_TASK PROMPT_.
Reproduced exactly, the lines from the start of the material through the line containing "Набор из 4-х" should be the whole answer, with pictures excluded.

_DATASET EXCERPT_.
===============

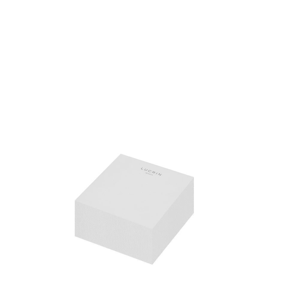 Block of paper sheets (3.5 x 3.5 inches) meant for the memo paper leather holder of LUCRIN (ref.: OS2028). 250 white blank sheets of paper, with the LUCRIN logo printed on the top-center of each page.
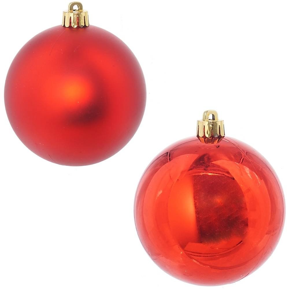 Набор из 4-х новогодних украшений (глянцевые и матовые красные елочные шары), изготовлен из полимерных материалов, в подарочной упаковке
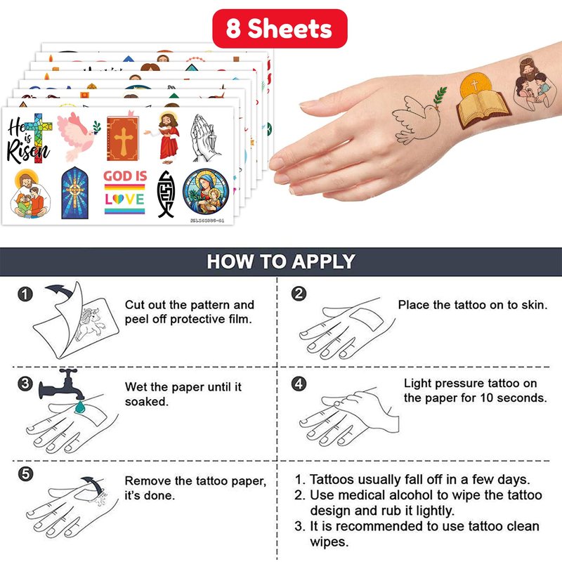 - 🎉[PERFECT PRESENTS FOR RELIGIOUS CELEBRATIONS]]: Infuse spiritual significance into your celebrations with these religious tattoos. Decorate using these tattoos and receive numerous compliments for your themed event setup. These religious tattoos serve as delightful tokens that you shouldn't overlook for your special occasion.
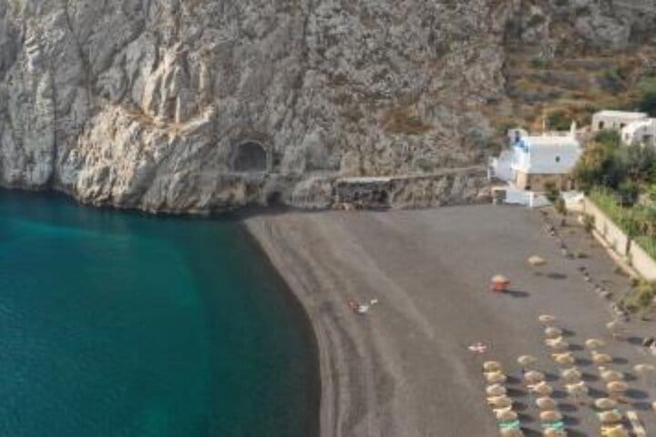 Finally, unwind at Perivolos Black Sand Beach Santorini’s most unique gems. Relax in crystal clear waters, sip a refreshing drink, or enjoy a farm to table lunch right by the sea.

===============

_FINAL ANSWER_.
 Block of paper sheets (3.5 x 3.5 inches) meant for the memo paper leather holder of LUCRIN (ref.: OS2028). 250 white blank sheets of paper, with the LUCRIN logo printed on the top-center of each page.
 Набор из 4-х новогодних украшений (глянцевые и матовые красные елочные шары), изготовлен из полимерных материалов, в подарочной упаковке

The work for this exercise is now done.